> [WHAT TO DO]: A word-for-word reproduction of the data below is needed, with no pictures in it.

> [INFORMATION]:
=== Begin Enclosure ===
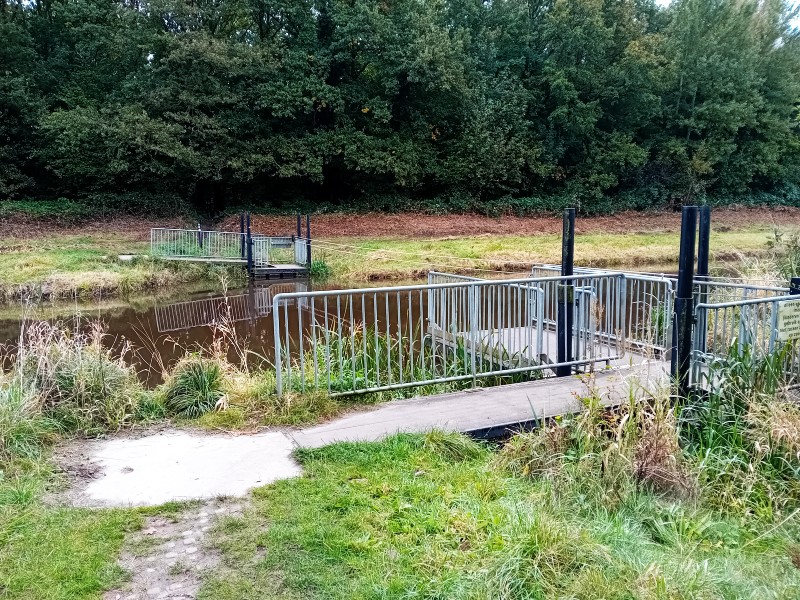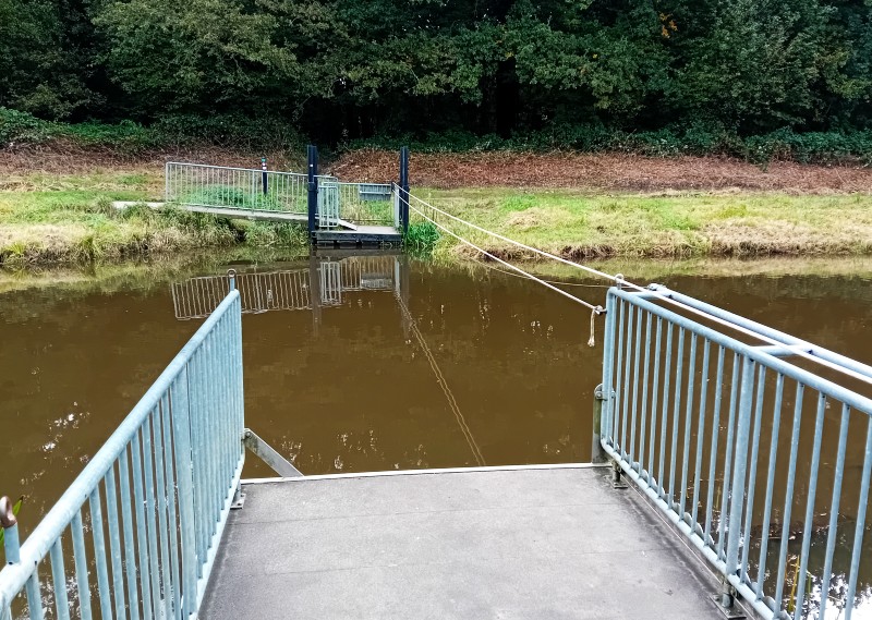 Enkele passagiers steken over. Maximaal 6 personen. Links zien we de speciale constructie om fluctuaties in de waterhoogte van de rivier te kunnen volgen. Datum: 2024.10.12 Auteur: Wim Kusee
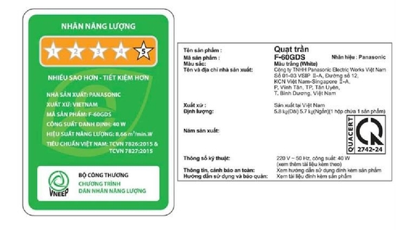 Thông số kỹ thuật Quạt trần Panasonic 5 cánh F-60GDS-W
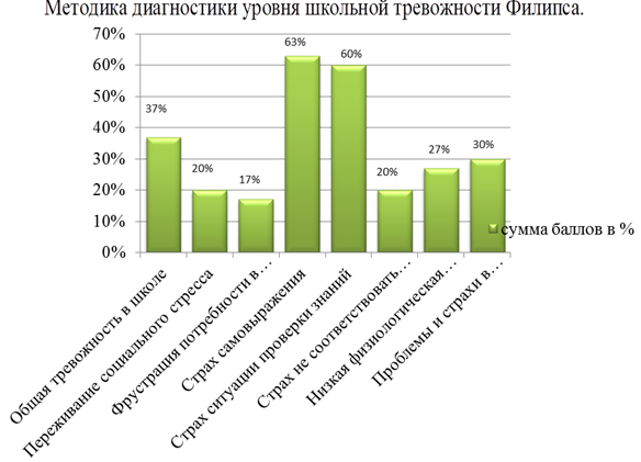 Рассмотрим результаты констатирующего эксперимента, полученные по методике изучения тревожности Филипса. Они представлены на рисунке 1,2.
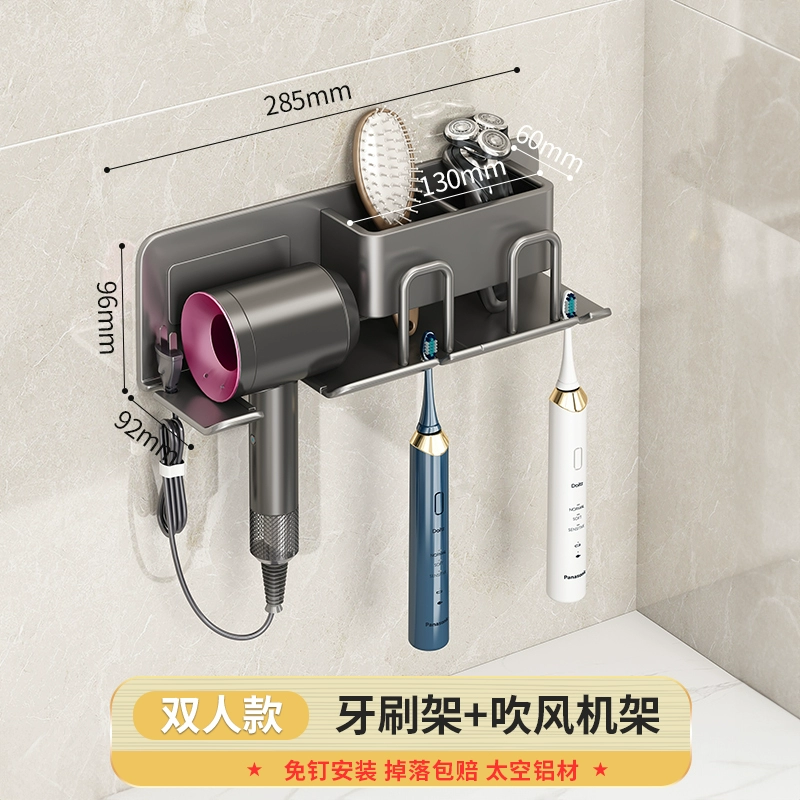 Youqin Gun Ash Hair Dryer Wall-mounted Toothbrush Rack
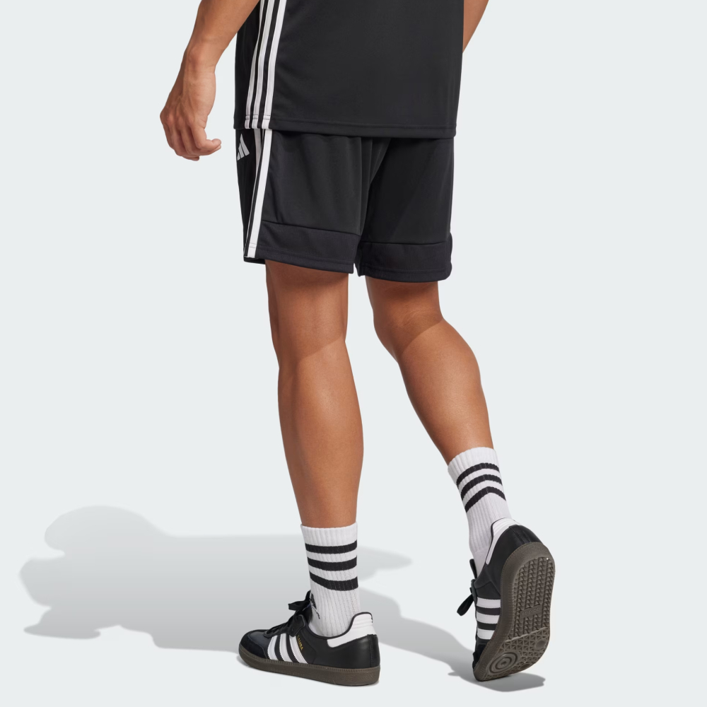 Шорти Adidas Tiro Es Sho створені для тих, хто не уявляє свого життя без футболу та прагне викладатися на повну в кожному матчі. Натхненні класичним дизайном легендарної лінійки Tiro, вони поєднують функціональність та стиль, щоб Ви могли зосередитися лише на грі. Шорти виготовлені з гладенької та приємної до тіла тканини, яка гарантує відчуття комфорту незалежно від Вашої активності. Класичний крій і оптимальна довжина штанин дарують повну свободу рухів, а еластичний пояс зі шнурком надає надійну фіксацію, щоб Ви могли впевнено рухатись. Бічні кишені на блискавках додають практичності — у них зручно зберігати дрібниці, які завжди варто мати при собі. Культові три смужки та фірмовий логотип Adidas не лише додають впізнаваного стилю, а й підкреслюватимуть Вашу відданість грі та легендарному бренду. Adidas піклується про зниження впливу на довкілля, тому модель виготовлено з використанням перероблених матеріалів.
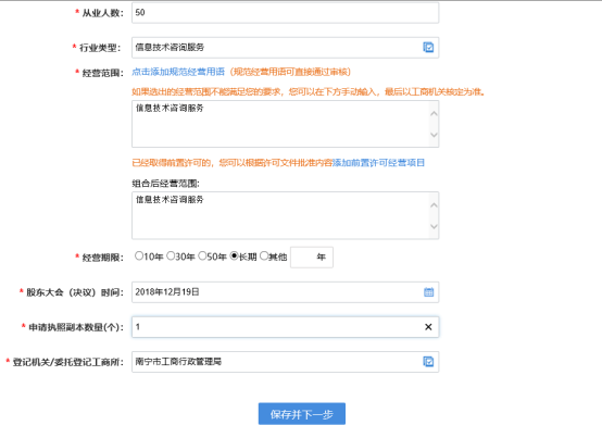 4、填寫基本信息,并保存下一步 注:登記機(jī)關(guān)為您提交的審核機(jī)關(guān),請(qǐng)正確填寫。
=== End Enclosure ===
> [RESULT OF THE EXERCISE]:
 Enkele passagiers steken over. Maximaal 6 personen. Links zien we de speciale constructie om fluctuaties in de waterhoogte van de rivier te kunnen volgen. Datum: 2024.10.12 Auteur: Wim Kusee
 Thông số kỹ thuật Quạt trần Panasonic 5 cánh F-60GDS-W
 Рассмотрим результаты констатирующего эксперимента, полученные по методике изучения тревожности Филипса. Они представлены на рисунке 1,2.
 Youqin Gun Ash Hair Dryer Wall-mounted Toothbrush Rack
 Шорти Adidas Tiro Es Sho створені для тих, хто не уявляє свого життя без футболу та прагне викладатися на повну в кожному матчі. Натхненні класичним дизайном легендарної лінійки Tiro, вони поєднують функціональність та стиль, щоб Ви могли зосередитися лише на грі. Шорти виготовлені з гладенької та приємної до тіла тканини, яка гарантує відчуття комфорту незалежно від Вашої активності. Класичний крій і оптимальна довжина штанин дарують повну свободу рухів, а еластичний пояс зі шнурком надає надійну фіксацію, щоб Ви могли впевнено рухатись. Бічні кишені на блискавках додають практичності — у них зручно зберігати дрібниці, які завжди варто мати при собі. Культові три смужки та фірмовий логотип Adidas не лише додають впізнаваного стилю, а й підкреслюватимуть Вашу відданість грі та легендарному бренду. Adidas піклується про зниження впливу на довкілля, тому модель виготовлено з використанням перероблених матеріалів.
 4、填寫基本信息,并保存下一步 注:登記機(jī)關(guān)為您提交的審核機(jī)關(guān),請(qǐng)正確填寫。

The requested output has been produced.